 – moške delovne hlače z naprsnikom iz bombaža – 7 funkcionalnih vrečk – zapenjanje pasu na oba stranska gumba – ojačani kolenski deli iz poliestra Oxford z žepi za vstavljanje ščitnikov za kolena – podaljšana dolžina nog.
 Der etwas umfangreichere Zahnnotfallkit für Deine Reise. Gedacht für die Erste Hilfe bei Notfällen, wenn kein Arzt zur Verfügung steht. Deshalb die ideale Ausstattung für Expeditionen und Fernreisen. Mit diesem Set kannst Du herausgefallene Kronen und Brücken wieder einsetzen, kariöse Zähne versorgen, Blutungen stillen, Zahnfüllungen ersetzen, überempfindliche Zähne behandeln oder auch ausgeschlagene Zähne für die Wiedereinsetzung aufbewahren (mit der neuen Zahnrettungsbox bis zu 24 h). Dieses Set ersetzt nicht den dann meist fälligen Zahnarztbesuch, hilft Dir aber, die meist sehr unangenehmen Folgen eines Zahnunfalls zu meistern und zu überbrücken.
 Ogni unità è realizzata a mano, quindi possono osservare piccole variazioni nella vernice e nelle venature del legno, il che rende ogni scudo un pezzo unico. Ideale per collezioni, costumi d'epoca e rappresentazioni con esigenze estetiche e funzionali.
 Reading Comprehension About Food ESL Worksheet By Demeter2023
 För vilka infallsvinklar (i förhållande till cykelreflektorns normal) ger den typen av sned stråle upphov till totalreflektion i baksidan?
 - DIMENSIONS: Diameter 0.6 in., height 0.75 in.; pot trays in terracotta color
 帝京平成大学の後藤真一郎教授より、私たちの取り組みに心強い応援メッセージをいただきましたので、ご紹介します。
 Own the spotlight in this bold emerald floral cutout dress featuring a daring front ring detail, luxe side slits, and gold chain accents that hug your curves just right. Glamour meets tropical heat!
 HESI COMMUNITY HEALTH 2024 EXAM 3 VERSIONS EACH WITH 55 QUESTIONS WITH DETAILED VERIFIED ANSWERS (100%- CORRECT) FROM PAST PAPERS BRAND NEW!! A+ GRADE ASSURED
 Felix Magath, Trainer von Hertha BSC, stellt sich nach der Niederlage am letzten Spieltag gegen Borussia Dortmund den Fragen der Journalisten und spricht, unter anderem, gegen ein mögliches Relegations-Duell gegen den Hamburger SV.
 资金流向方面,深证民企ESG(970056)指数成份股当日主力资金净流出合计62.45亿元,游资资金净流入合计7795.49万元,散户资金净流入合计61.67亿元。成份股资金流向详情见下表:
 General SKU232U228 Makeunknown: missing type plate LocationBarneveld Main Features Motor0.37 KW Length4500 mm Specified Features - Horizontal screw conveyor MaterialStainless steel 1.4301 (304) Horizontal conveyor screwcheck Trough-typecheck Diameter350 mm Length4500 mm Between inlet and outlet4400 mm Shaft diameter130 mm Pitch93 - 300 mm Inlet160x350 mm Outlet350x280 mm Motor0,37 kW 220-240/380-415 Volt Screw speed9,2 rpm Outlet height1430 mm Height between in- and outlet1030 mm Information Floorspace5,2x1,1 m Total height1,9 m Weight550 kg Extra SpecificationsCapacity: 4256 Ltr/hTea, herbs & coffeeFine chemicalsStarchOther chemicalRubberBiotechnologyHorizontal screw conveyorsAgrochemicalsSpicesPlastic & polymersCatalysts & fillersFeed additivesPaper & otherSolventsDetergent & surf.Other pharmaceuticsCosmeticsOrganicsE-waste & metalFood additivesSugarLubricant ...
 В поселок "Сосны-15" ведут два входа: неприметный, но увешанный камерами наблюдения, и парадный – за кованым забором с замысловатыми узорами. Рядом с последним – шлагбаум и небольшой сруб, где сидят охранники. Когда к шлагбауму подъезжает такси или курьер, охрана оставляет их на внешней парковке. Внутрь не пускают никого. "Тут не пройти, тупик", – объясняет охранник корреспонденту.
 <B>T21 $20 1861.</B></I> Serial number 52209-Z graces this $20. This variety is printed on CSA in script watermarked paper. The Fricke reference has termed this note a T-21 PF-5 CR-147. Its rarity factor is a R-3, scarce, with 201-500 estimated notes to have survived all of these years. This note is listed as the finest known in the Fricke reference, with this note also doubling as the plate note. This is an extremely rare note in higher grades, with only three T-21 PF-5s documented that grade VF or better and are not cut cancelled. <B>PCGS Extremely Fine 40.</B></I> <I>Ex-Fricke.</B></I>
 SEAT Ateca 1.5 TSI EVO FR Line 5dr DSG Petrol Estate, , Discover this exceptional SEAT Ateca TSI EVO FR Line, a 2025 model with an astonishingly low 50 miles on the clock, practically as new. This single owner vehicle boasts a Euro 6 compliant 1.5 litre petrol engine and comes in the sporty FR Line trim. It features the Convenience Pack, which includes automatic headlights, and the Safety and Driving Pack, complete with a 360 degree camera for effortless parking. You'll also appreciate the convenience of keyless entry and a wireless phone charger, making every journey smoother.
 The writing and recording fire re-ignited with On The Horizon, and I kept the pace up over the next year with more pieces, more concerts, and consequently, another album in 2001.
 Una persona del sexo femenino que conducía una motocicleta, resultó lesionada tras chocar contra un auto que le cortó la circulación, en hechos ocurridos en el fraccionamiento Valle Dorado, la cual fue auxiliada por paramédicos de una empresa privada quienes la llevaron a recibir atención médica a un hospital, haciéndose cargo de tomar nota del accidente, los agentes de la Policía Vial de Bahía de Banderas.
──────
▶ **Problem to solve**:
Please state how many lines in the listing contain the string "also", and give nothing besides that number.

▶ **Answer space**:
2